Japan to reform crypto-corporate tax law

The Japanese government has announced that it will evaluate the crypto tax rules applicable to companies in fiscal year 2023. The Financial Services Agency and the Ministry of Economy, Trade and Industry (METI) will conduct the assessment of how these digital asset companies will use digital assets to drive forward the growth of startups.

The tax reform request for fiscal year 2023 has aimed to address key issues that the advocacy groups have stated are roadblocks to crypto adoption in Japan. The two eminent crypto advocacy groups in Japan, The Japan Crypto-Asset Business Association and the Japan Crypto-Asset Exchange Association (JVCEA) had issued this request to lower tax rates for individual investors on crypto income.

This proposal has primarily been intended to address the need for better individual tax filing and the general importance of digital assets in the Web3 industry in Japan.
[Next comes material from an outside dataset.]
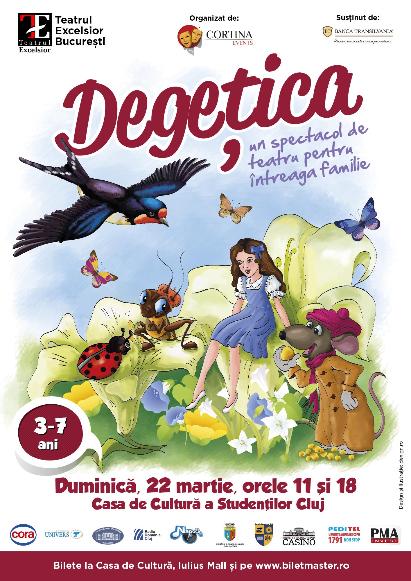 Spectacolul ”Degețica” va avea loc duminică, 22 martie 2015, la orele 11.00 si 18.00, la Casa de Cultură a Studenţilor din Cluj Napoca.

This has been part of the proposal after the advocacy groups compared Japan’s digital wealth tax system with that of other nations.
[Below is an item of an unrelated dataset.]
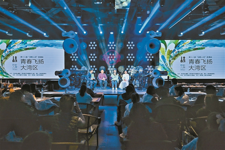 “诗歌人间”对谈环节,嘉宾们围绕“粤港澳大湾区文学生态的互促共融”主题展开交流。 深圳特区报 记者 胡蕾 摄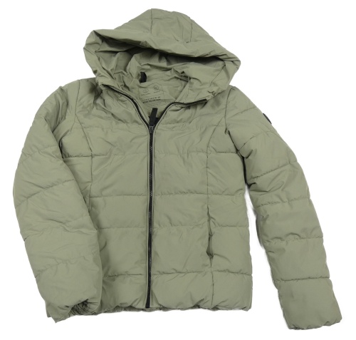 Khaki prešívaná šušťáková zimná bunda s nášivkou a kapucňou C&A

Changes to the crypto taxation system

Tax authorities have said that the updated tax structure will take into account whether the companies holding cryptocurrency assets should be taxed when they generate profits from sales.

Regulators ensured that the agencies do not want to be a hindrance to the growth of the industry as a whole or even discourage digital asset companies from working in the country.

The proposal aims at a separate tax of 20% for individual investors with an option to carry forward losses for the next three years from the following year. The proposal has also mentioned the same tax structure that will apply to the crypto derivatives market.

The separate tax of 20% on digital asset income with the exemption of the unrealized gains will help to be a big relief for digital asset investors in Japan.

Currently, investors in Japan have to pay up to 55% on their crypto investments.

The tax reform proposal comes after the internal memo on tax reforms for digital assets was delayed in submission to Japan’s Financial Services Agency (FSA). The change in the reform is to ease the tax policy in the country due to many companies moving out of Japan and operating in Singapore and the United Arab Emirates, as they have easier regulation.

Strict tax rules

Currently, Japan imposed a 30% corporate tax on cryptocurrencies. This has actually caused a brain drain from the digital asset industry in Japan.

The advocacy groups have mentioned that because of such strict guidelines, Japan has caused companies to leave the country.

The reasons have been aimed at lack of consistency in the system and also the need to establish and stabilize the Web3 industry and also create a better environment for tax returns.